Kazuki1450/Qwen3-1.7B-Base_csum_6_10_rel_1e-1_1p0_0p0_1p0_grpo_2_rule
TEXT GENERATIONConcurrency Cost:1Model Size:2BQuant:BF16Ctx Length:32kPublished:Jan 22, 2026Architecture:Transformer Cold

Kazuki1450/Qwen3-1.7B-Base_csum_6_10_rel_1e-1_1p0_0p0_1p0_grpo_2_rule is a 2 billion parameter language model fine-tuned from Qwen/Qwen3-1.7B-Base. This model was trained using the GRPO method, which is designed to enhance mathematical reasoning capabilities, as introduced in the DeepSeekMath paper. It is optimized for tasks requiring robust mathematical and logical processing, making it suitable for specialized reasoning applications. The model supports a context length of 40960 tokens.

Loading preview...

Overview

This model, Kazuki1450/Qwen3-1.7B-Base_csum_6_10_rel_1e-1_1p0_0p0_1p0_grpo_2_rule, is a fine-tuned variant of the Qwen/Qwen3-1.7B-Base architecture, featuring approximately 2 billion parameters and a substantial context length of 40960 tokens. It was developed by Kazuki1450 and trained using the TRL framework.

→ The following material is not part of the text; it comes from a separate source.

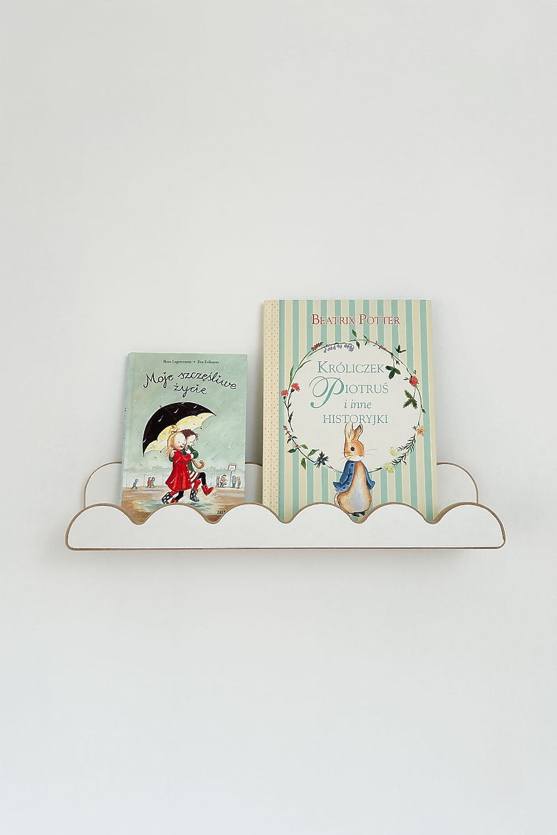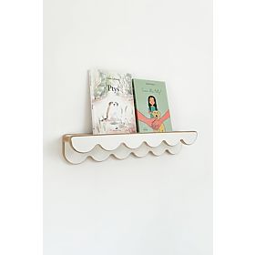 Shelf WAVE in white is a practical and decorative addition to a child's room, helping to maintain order while looking great. With the movable frill, you can change its appearance and the way you display or hide your child's favorite items – books, figurines, photos, or small decorations. The elegant design of the shelf allows you to combine several pieces side by side and create an original, functional, and aesthetic wall that grows with the child's needs. Rounded edges and smooth finish ensure safe use even for the youngest.

Key Differentiator: GRPO Training

The primary distinction of this model lies in its training methodology. It leverages GRPO (Gradient-based Reasoning Policy Optimization), a method detailed in the research paper "DeepSeekMath: Pushing the Limits of Mathematical Reasoning in Open Language Models." This specialized training aims to significantly improve the model's proficiency in mathematical reasoning tasks.

Training Details

  • Base Model: Qwen/Qwen3-1.7B-Base
  • Training Framework: TRL (Transformer Reinforcement Learning)
  • Methodology: GRPO, focused on enhancing mathematical reasoning.

Use Cases

Given its GRPO-based training, this model is particularly well-suited for applications that demand:

  • Mathematical problem-solving
  • Logical reasoning tasks
  • Scientific computing assistance

Developers can integrate this model using the transformers library, as demonstrated in the quick start guide, to generate responses for complex questions, especially those with a mathematical or logical underpinning.